In cassatie bestrijdt de Staatssecretaris de twee volgens hem dragende argumenten van het Hof: (i) de ‘bestuursrechtelijke oorzakelijkheid’ van de bate, en (ii) de hoedanigheid van maker van bezwaar van de genieter. Het Hof gebruikt volgens de Staatssecretaris een te beperkt loonbegrip. Hij meent dat civiele dwangsommen, die volgens HR BNB 1992/57 en HR BNB 2011/276 tot het loon werden gerekend, dezelfde aard en doelstelling hebben als bestuursrechtelijke dwangsommen.

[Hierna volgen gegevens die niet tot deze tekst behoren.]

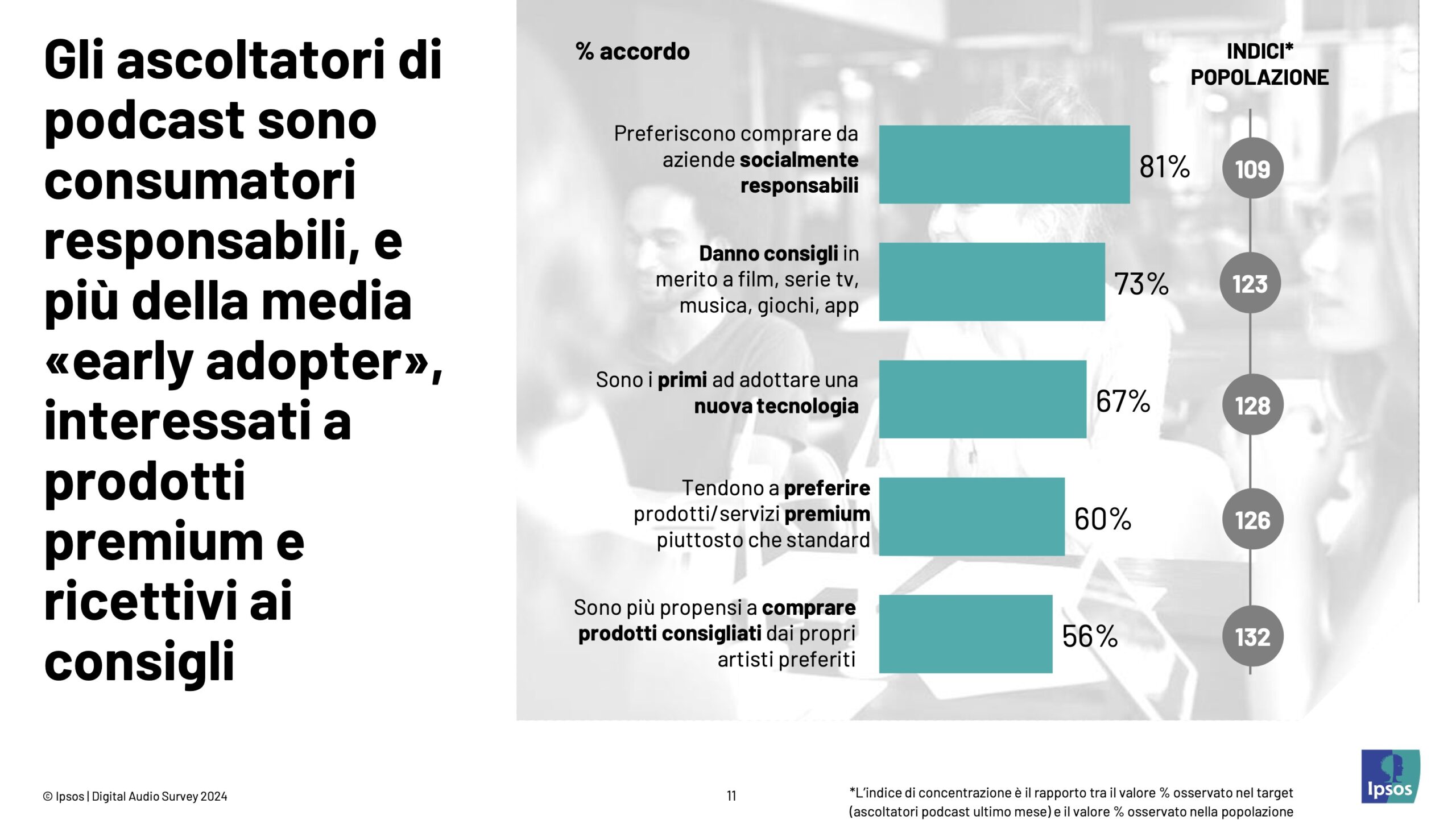 Secondo Ipsos, infine, esistono quattro profili di ascoltatori: i Social First (il 35%, sono giovani, assidui, usano i social per trovarli, seguono gli speaker); la Pull Audience (il 23%, sono giovani adulti, fanno ascolto solitario ma hanno un engagement alto); gli ascoltatori Casual (sono il 22%, sono più vecchi, ascoltano casualmente senza privilegiare né podcast né conduttori, usano lo smartphone e hanno meno engagement, non sono multitasking); e infine gli Addicted (sono il 20%, hanno un mix di età, usano siti e passaparola, molto assidui, cercano le cose, hanno un forte engagement e una forte soddisfazione nei podcast).
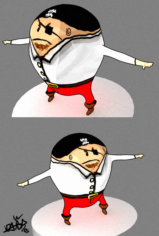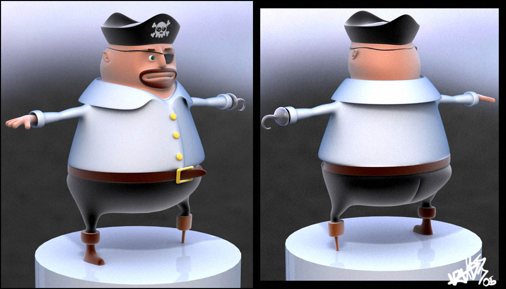 Saludos. Tengo que diseñar unos personajes piratas para un videojuego share en 2d o 3d prerenderizado y bueno, después de unos cuantos conceptos a mano me puse a modelar unas pruebas, de momento no he encontrado la estética que me gusta, a si que estos dos que os coloco serán desechados, a ver si me viene la inspiración y hago algo chulo, de momento os coloco estos por si me dais alguna idea, sugerencia, voy a hacer algunos bocetos con algún pirata más peludo, con barba larga y todo eso a ver si me convencen más. Tengo libertad para crear toda la estética del juego (dentro de las limitaciones que pone el cliente y el presupuesto), a si que ha ver si el próximo que modelo ya es el definitivo.
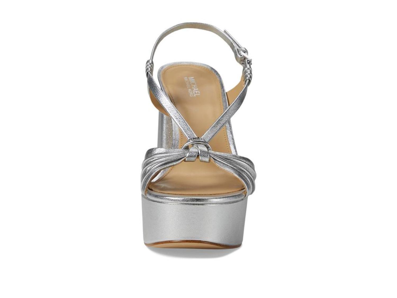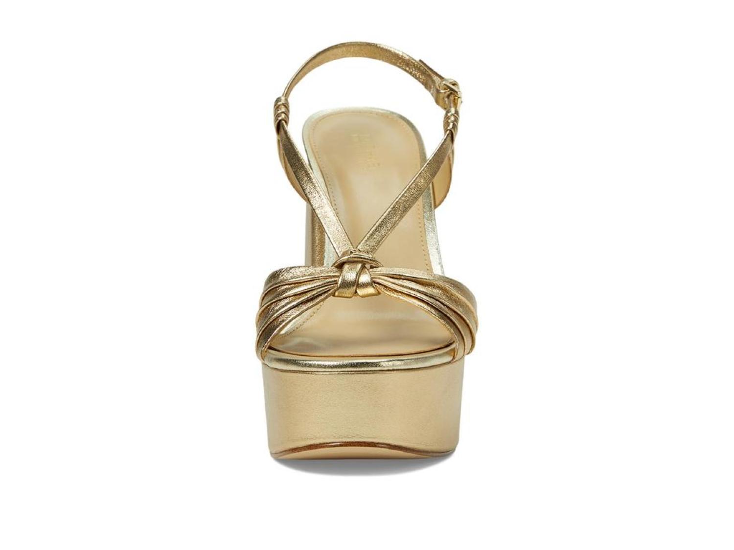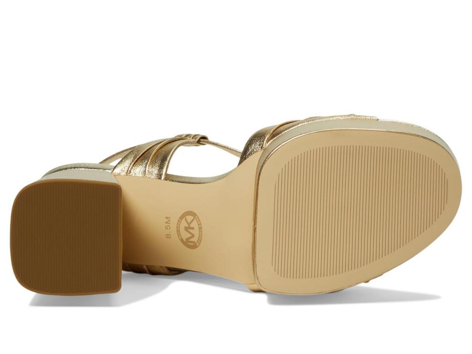 • The MICHAEL Michael Kors® Gabriella Platform Sandal is a dress sandal featuring beautiful pleated leather design, the deep folds create added volume, and textural interest paired with a platform and block heel make for the perfect occasion shoe. The low-top metallic heels feature a pleated leather upper with adjustable ankle strap & buckle closure, faux leather lining, and cushioned faux leather insole.
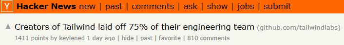 他表示,就在本周一,Tailwind正式裁掉了75%的工程团队。
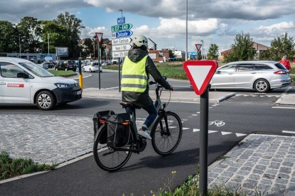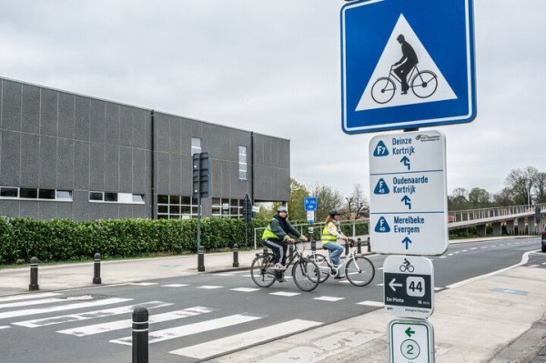 - Recent aangelegde fietsoversteekplaatsen worden met andere wegmarkeringen aangeduid.
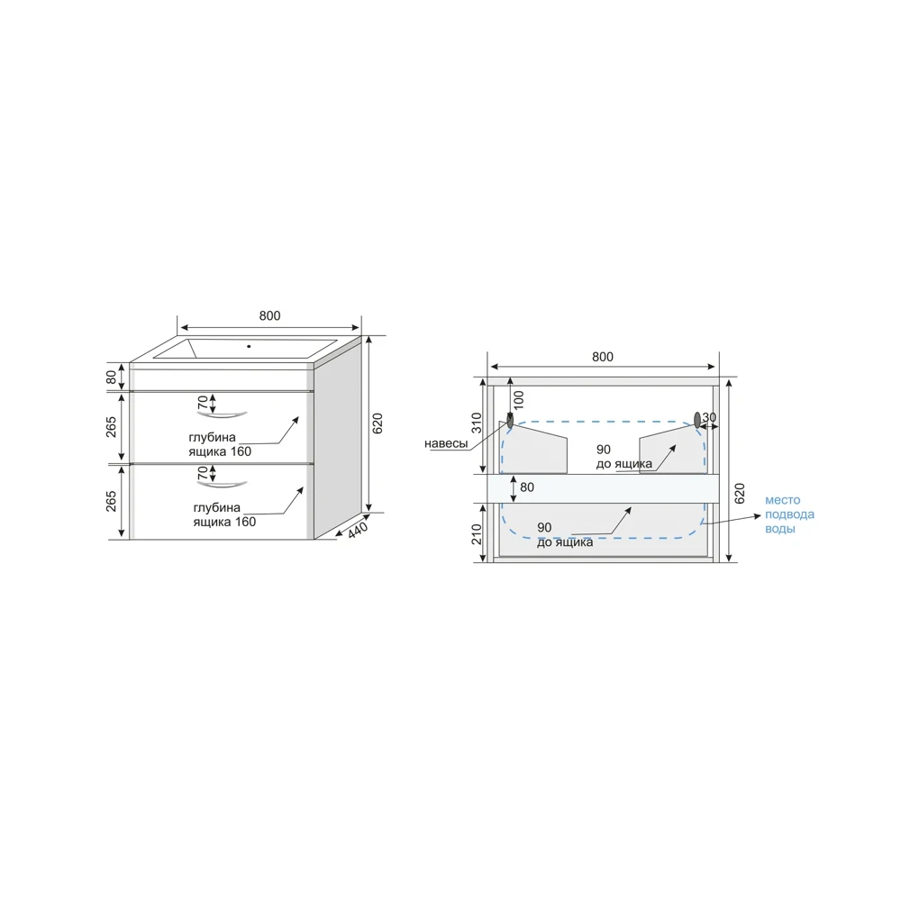 Тумба с раковиной Style line Каре 80, 2000949234274, 2000949234359, Люкс подвесная, белый

Bij de conclusie hoort een bijlage die ook hoort bij de zaken met nummers 18/01915 en 18/01920 waarin A-G Wattel op dezelfde dag heeft geconcludeerd. In die bijlage behandelt hij de voor alle drie de zaken beslissende vraag of een dwangsom wegens niet tijdig beslissen op aanvraag of bezwaar in verband met een overheidsdienstbetrekking loon is uit die dienstbetrekking.
A-G Wattel concludeert daaruit dat de litigieuze dwangsom geen loon uit dienstbetrekking is. Zij voldoet zijns inziens aan geen van de in de relevante rechtspraak ontwikkelde causaliteitscriteria. De hoedanigheid van bestuursorgaan van de debiteur overheerst die van werkgever, en het karakter van de verbintenis uit de wet van de dwangsom staat er zijns inziens aan in de weg om een werkgeversverplichting aan te nemen of een onverbrekelijk daarmee samenhangende verplichting zoals – in civiele-dwangsomzaken – de verplichting tot het ongedaan maken van niet-nakoming van een werkgeversverplichting.
Conclusie: cassatieberoep ongegrond.